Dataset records
*** Block opens ***

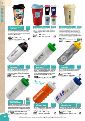 Unless stated all prices include a one colour personalisation in one position. Artwork, origination, carriage and VAT are extra. 46DRINKWARE5The full colour Universal Tumbler can have any design wrapped around the body of the mug. Manufactured and printed in the UK, this microwave and top-rack dishwasher safe mug is a great product for everyday use. MPA: 241 x 126mmMade in UK - Bright and colourful travel mugs. Huge print area. Choice of 11 colours. Mix and Match lids available with 3 styles to choose from. Double walled. BPA free, dishwasher and microwave safe. MPA: 235 x 80mmMade in UK - Just like all our other plastic products, the Bio Bottle is Recyclable. It%u2019s special because unlike other plastics it breaks down much faster if it ends up in landfill or the ocean. Once disposed of, in a few years it becomes food for microbes leaving behind no microplastics, just natural remnant. MPA: 140 x 89mmMade in UK - The environmentally friendly Eco bottle is made from 100% reclaimed food grade material that has been saved from landfill by collection of milk bottles from council recyclers. The colour is dependent on how many labels or caps get through the remanufacturing process, hence why they are off white in colour. Patented flip clip, valve and push pull caps available. MPA: 140 x 89mmMade in UK - The best selling 500ml Grip sports bottle. The finger grips allow you to hold on with ease. Patented flip clip, valve and push pull caps available. MPA: 140 x 89mmMade in UK - The larger sports bottle comes with decorative pearl drop design around the neck of the bottle. Mix and match lids. MPA: 95 x 85mmMade in UK - A larger capacity sports bottle. The finger grips allow you to hold on with ease. Patented flip clip, valve and push pull caps available. MPA: 140 x 110mm1. The Universal Tumbler - Full Colour2. The Universal Tumbler 5. Bio Finger Grip Sports Bottle 500ml7. Eco Finger Grip Sports Bottle 500ml8. Finger Grip Sports Bottle 500ml6. Teardrop Sports Bottle 750ml9. Finger Grip Sports Bottle 750mlPRICE: 50 - %u00a35.49 / 100 - %u00a34.41 / 250 - %u00a33.84 PRICE: 50 - %u00a34.37 / 100 - %u00a33.16 / 250 - %u00a32.95 PRICE: 50 - %u00a32.96 / 100 - %u00a32.10 / 250 - %u00a31.64 PRICE: 50 - %u00a32.96 / 100 - %u00a32.10 / 250 - %u00a31.64 PRICE: 50 - %u00a32.77 / 100 - %u00a31.92 / 250 - %u00a31.46 PRICE: 50 - %u00a32.96 / 100 - %u00a32.10 / 250 - %u00a31.72PRICE: 50 - %u00a32.96 / 100 - %u00a32.10 / 250 - %u00a31.72E154601 E154602E154605E154607E154608E154606E154609The Bio Universal is Recyclable. Unlike other plastics it breaks down much faster if it ends up in landfill or the ocean. In a few years it becomes food for microbes leaving behind no microplastics, just natural remnant. The Pantone of the Lid and Tumbler is 7499C.The Universal Bio is microwave and top-rack dishwasher safe, BPA free and double-walled to keep drinks warmer for longer. Please note that full-colour printing is not available for the Bio Universal. MPA: 235 x 80mm3. Bio Universal TumblerPRICE: 50 - %u00a34.56 / 100 - %u00a33.34 / 250 - %u00a33.13 E154603FF FMade in UK - The 700ml/24oz Shakermate features an integrated mesh mixer, rounded inner base for easier cleaning, 10 mix and match lid and clip colours and displays capacity levels to either side in ml/oz. BPA Free. Dishwasher safe. Direct screen printed front and back. MPA: 70 x 90mm4. Shakermate - 700ml Protein ShakerPRICE: 50 - %u00a34.54 / 100 - %u00a33.34 / 250 - %u00a32.77 E154604
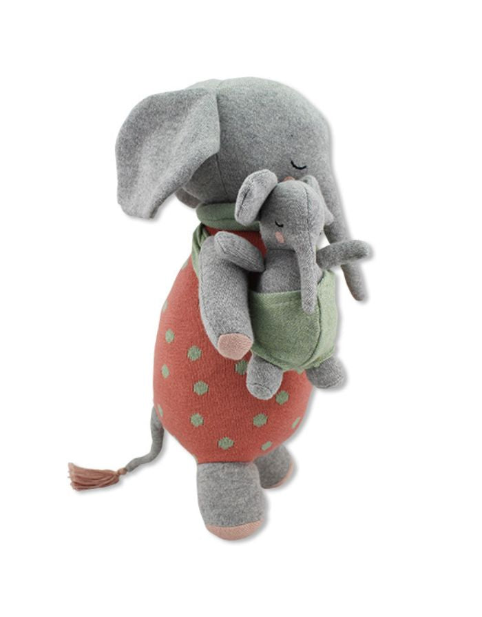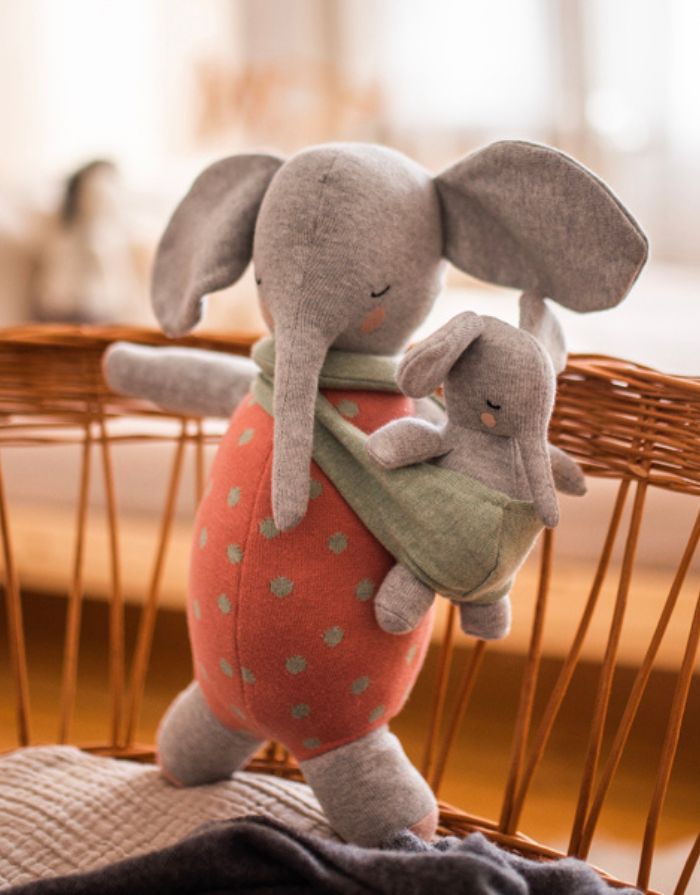 Mit unserer Elefantenmutter „Marlene“ samt Baby zieht ein besonders liebevoll gestaltetes Kuscheltier ins Kinderzimmer ein. Gefertigt aus feinem Bio-Baumwollstrick und gefüllt mit recyceltem Polyester, vereint es Nachhaltigkeit, Qualität und einen unverwechselbaren Charakter. Das Baby-Elefantenkind kann aus dem Tuch genommen und auch separat bespielt werden – perfekt zum Kuscheln, Spielen und Liebhaben.
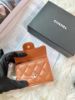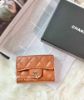 Chanel 焦糖色 金扣 荔枝皮mini三折短夾/錢包
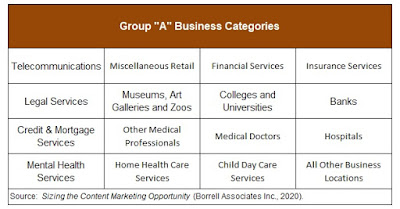 The Borrell report also provides detailed estimates for 100 distinct types of businesses. Borrell placed each type of business into one of six groups based on how likely that type of business is to engage in content marketing and what percentage of their marketing budget is devoted to content marketing. Borrell used the letters "A" through "F" to identify the six groups.
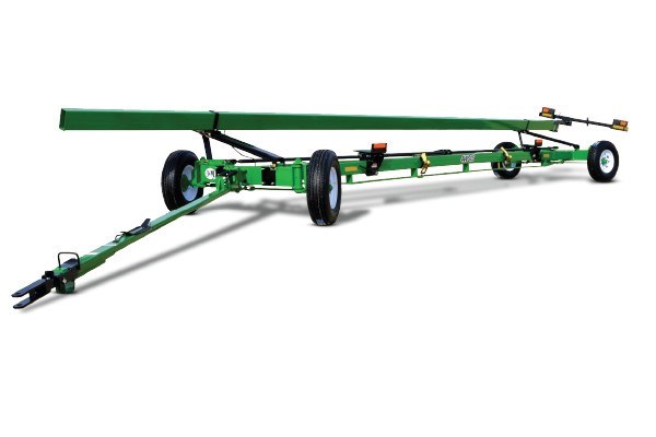 HT-974 Series transports feature an economical, low-profile design with front steering for quick and easy towing. Now, also available in heavy-duty 20' transports for folding corn and heads.
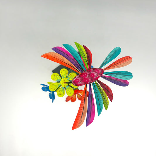 Juan Aguilar ~ Wooden Sculpture Hummingbird with Flowers, 14" x 7" x 7"
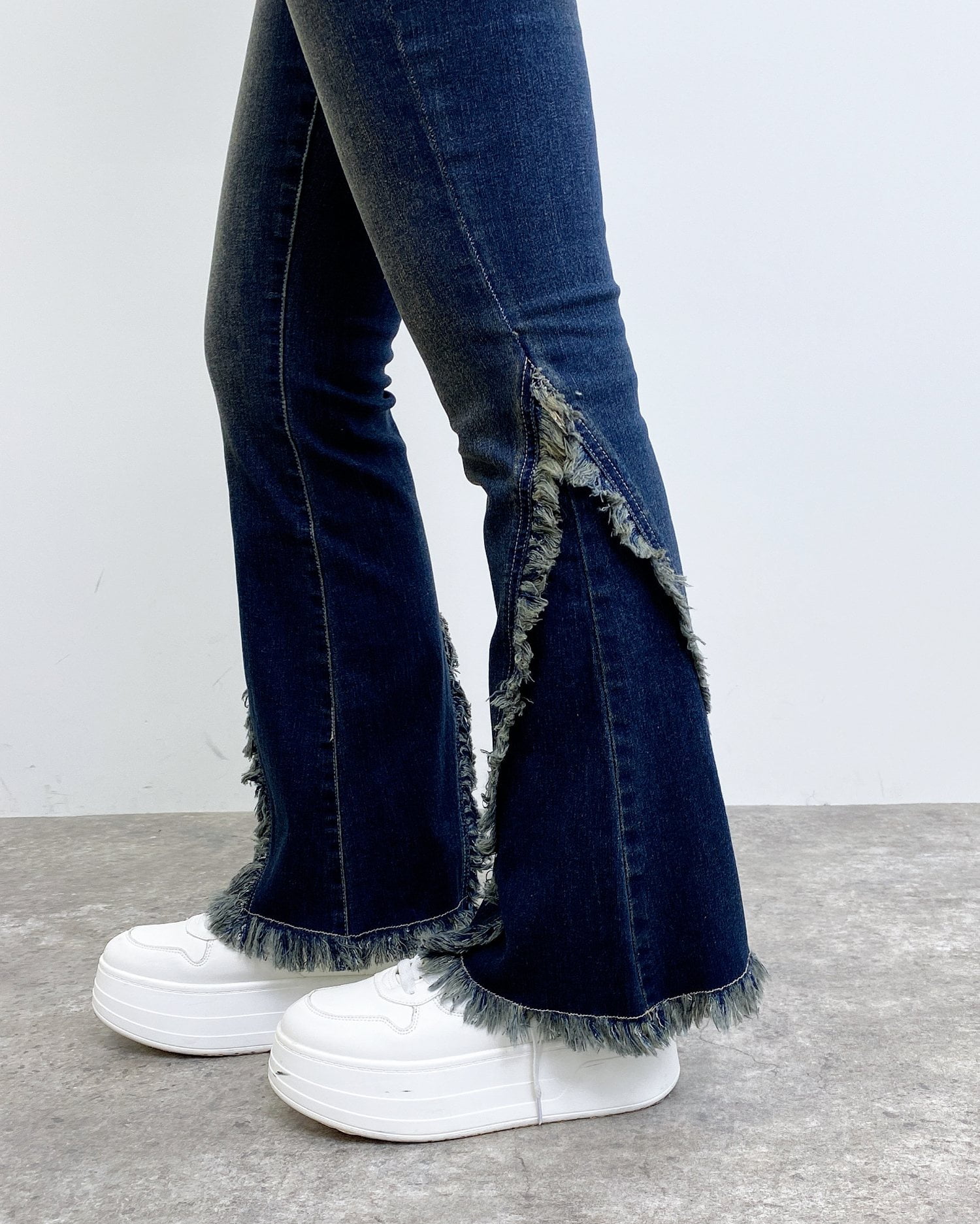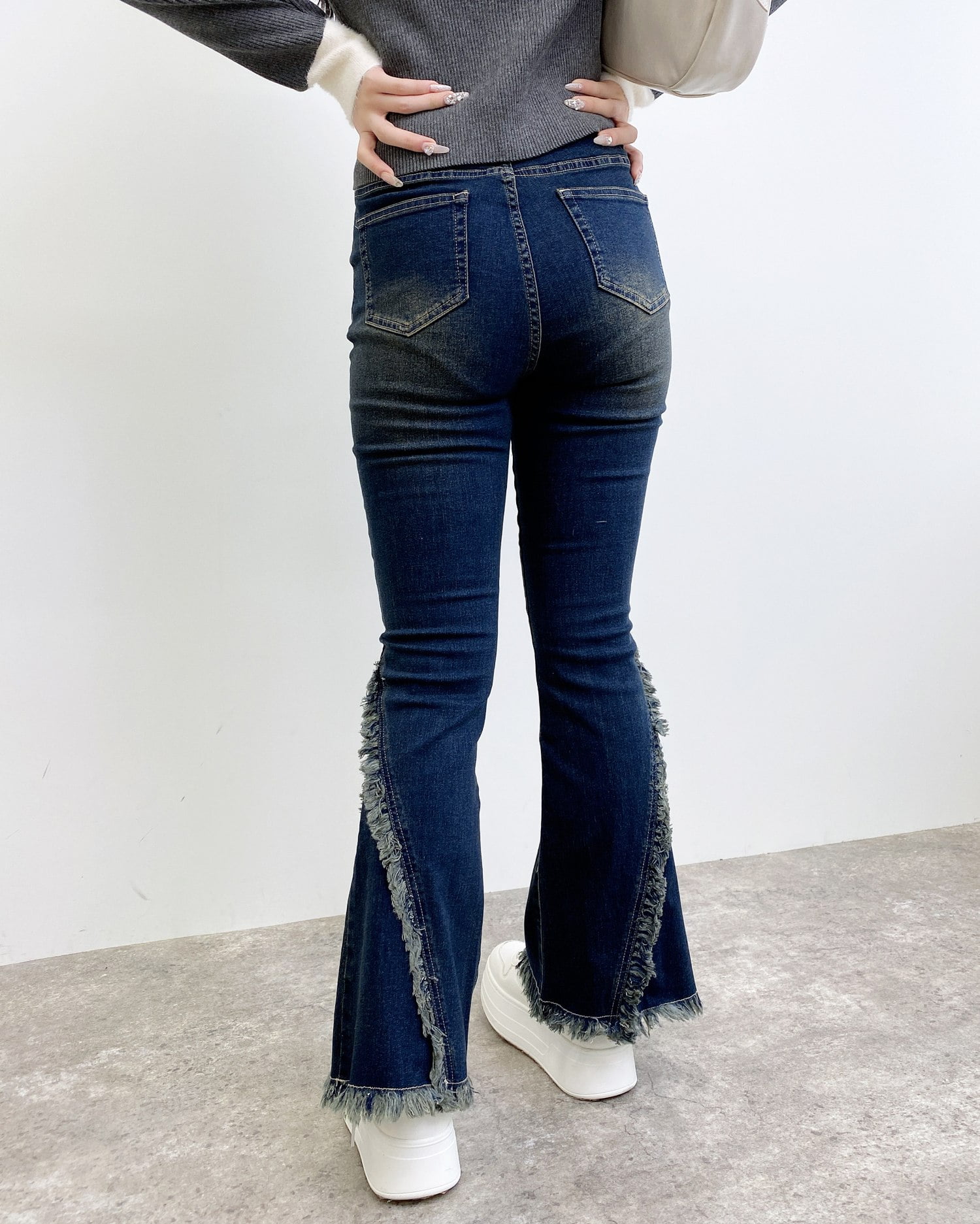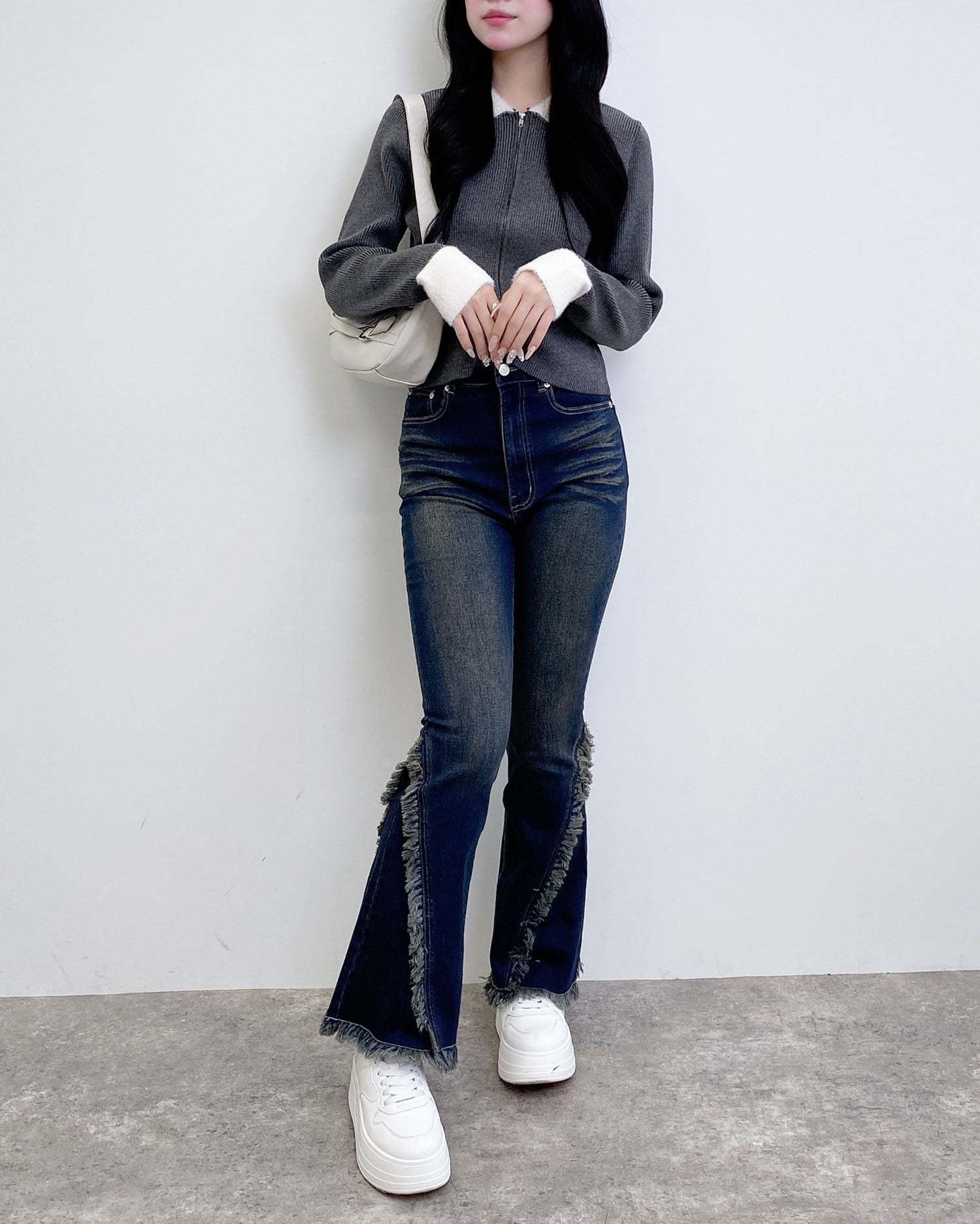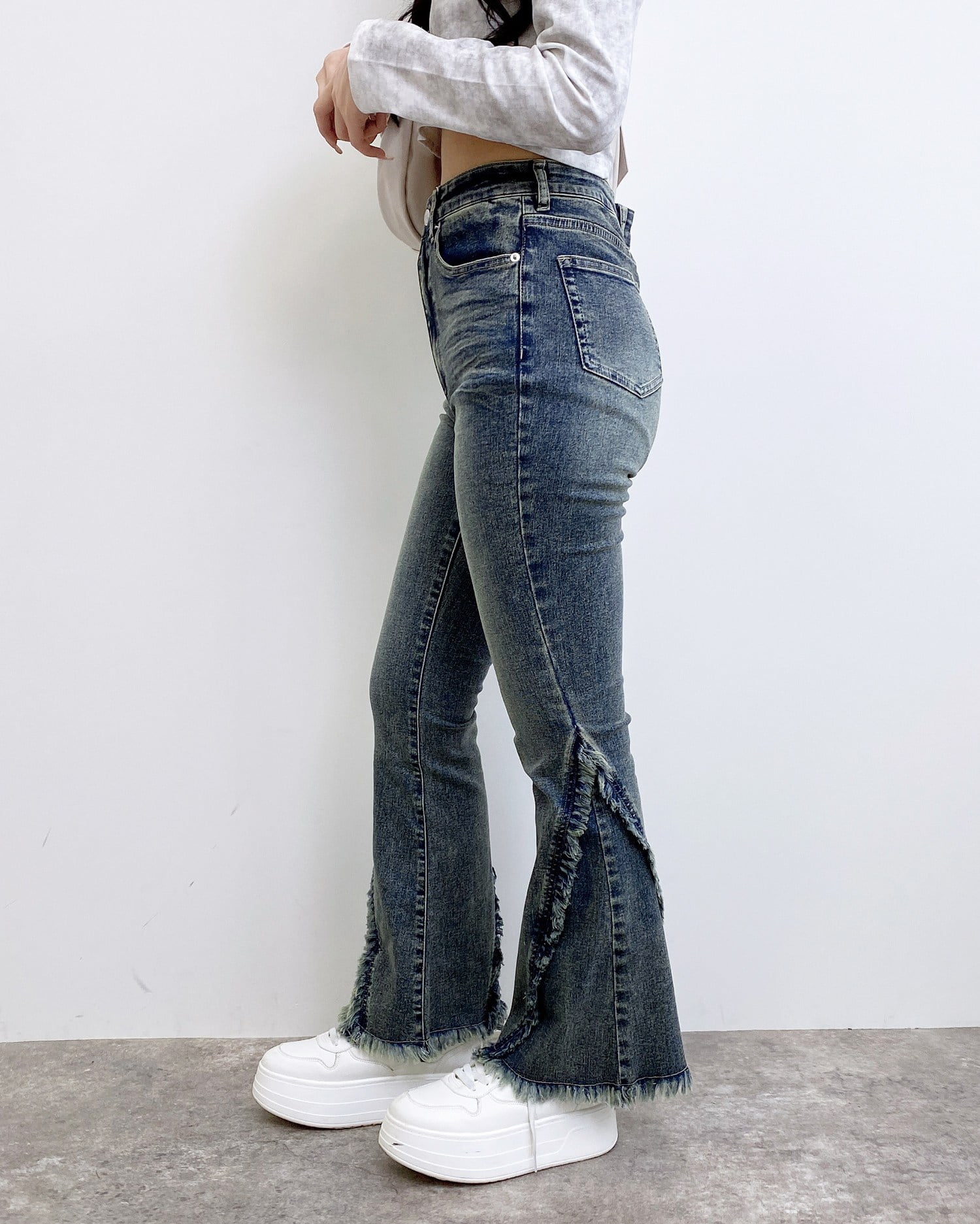 使いやすいフレアパンツの裾にたっぷりとフリンジがあしらわれています。

*** Block closes ***

■ **ACTIVITY**:
Restating the data word for word is the task, and pictures are to be omitted.

■ **YOUR RESPONSE**:
 Unless stated all prices include a one colour personalisation in one position. Artwork, origination, carriage and VAT are extra. 46DRINKWARE5The full colour Universal Tumbler can have any design wrapped around the body of the mug. Manufactured and printed in the UK, this microwave and top-rack dishwasher safe mug is a great product for everyday use. MPA: 241 x 126mmMade in UK - Bright and colourful travel mugs. Huge print area. Choice of 11 colours. Mix and Match lids available with 3 styles to choose from. Double walled. BPA free, dishwasher and microwave safe. MPA: 235 x 80mmMade in UK - Just like all our other plastic products, the Bio Bottle is Recyclable. It%u2019s special because unlike other plastics it breaks down much faster if it ends up in landfill or the ocean. Once disposed of, in a few years it becomes food for microbes leaving behind no microplastics, just natural remnant. MPA: 140 x 89mmMade in UK - The environmentally friendly Eco bottle is made from 100% reclaimed food grade material that has been saved from landfill by collection of milk bottles from council recyclers. The colour is dependent on how many labels or caps get through the remanufacturing process, hence why they are off white in colour. Patented flip clip, valve and push pull caps available. MPA: 140 x 89mmMade in UK - The best selling 500ml Grip sports bottle. The finger grips allow you to hold on with ease. Patented flip clip, valve and push pull caps available. MPA: 140 x 89mmMade in UK - The larger sports bottle comes with decorative pearl drop design around the neck of the bottle. Mix and match lids. MPA: 95 x 85mmMade in UK - A larger capacity sports bottle. The finger grips allow you to hold on with ease. Patented flip clip, valve and push pull caps available. MPA: 140 x 110mm1. The Universal Tumbler - Full Colour2. The Universal Tumbler 5. Bio Finger Grip Sports Bottle 500ml7. Eco Finger Grip Sports Bottle 500ml8. Finger Grip Sports Bottle 500ml6. Teardrop Sports Bottle 750ml9. Finger Grip Sports Bottle 750mlPRICE: 50 - %u00a35.49 / 100 - %u00a34.41 / 250 - %u00a33.84 PRICE: 50 - %u00a34.37 / 100 - %u00a33.16 / 250 - %u00a32.95 PRICE: 50 - %u00a32.96 / 100 - %u00a32.10 / 250 - %u00a31.64 PRICE: 50 - %u00a32.96 / 100 - %u00a32.10 / 250 - %u00a31.64 PRICE: 50 - %u00a32.77 / 100 - %u00a31.92 / 250 - %u00a31.46 PRICE: 50 - %u00a32.96 / 100 - %u00a32.10 / 250 - %u00a31.72PRICE: 50 - %u00a32.96 / 100 - %u00a32.10 / 250 - %u00a31.72E154601 E154602E154605E154607E154608E154606E154609The Bio Universal is Recyclable. Unlike other plastics it breaks down much faster if it ends up in landfill or the ocean. In a few years it becomes food for microbes leaving behind no microplastics, just natural remnant. The Pantone of the Lid and Tumbler is 7499C.The Universal Bio is microwave and top-rack dishwasher safe, BPA free and double-walled to keep drinks warmer for longer. Please note that full-colour printing is not available for the Bio Universal. MPA: 235 x 80mm3. Bio Universal TumblerPRICE: 50 - %u00a34.56 / 100 - %u00a33.34 / 250 - %u00a33.13 E154603FF FMade in UK - The 700ml/24oz Shakermate features an integrated mesh mixer, rounded inner base for easier cleaning, 10 mix and match lid and clip colours and displays capacity levels to either side in ml/oz. BPA Free. Dishwasher safe. Direct screen printed front and back. MPA: 70 x 90mm4. Shakermate - 700ml Protein ShakerPRICE: 50 - %u00a34.54 / 100 - %u00a33.34 / 250 - %u00a32.77 E154604
 Mit unserer Elefantenmutter „Marlene“ samt Baby zieht ein besonders liebevoll gestaltetes Kuscheltier ins Kinderzimmer ein. Gefertigt aus feinem Bio-Baumwollstrick und gefüllt mit recyceltem Polyester, vereint es Nachhaltigkeit, Qualität und einen unverwechselbaren Charakter. Das Baby-Elefantenkind kann aus dem Tuch genommen und auch separat bespielt werden – perfekt zum Kuscheln, Spielen und Liebhaben.
 Chanel 焦糖色 金扣 荔枝皮mini三折短夾/錢包
 The Borrell report also provides detailed estimates for 100 distinct types of businesses. Borrell placed each type of business into one of six groups based on how likely that type of business is to engage in content marketing and what percentage of their marketing budget is devoted to content marketing. Borrell used the letters "A" through "F" to identify the six groups.
 HT-974 Series transports feature an economical, low-profile design with front steering for quick and easy towing. Now, also available in heavy-duty 20' transports for folding corn and heads.
 Juan Aguilar ~ Wooden Sculpture Hummingbird with Flowers, 14" x 7" x 7"
 使いやすいフレアパンツの裾にたっぷりとフリンジがあしらわれています。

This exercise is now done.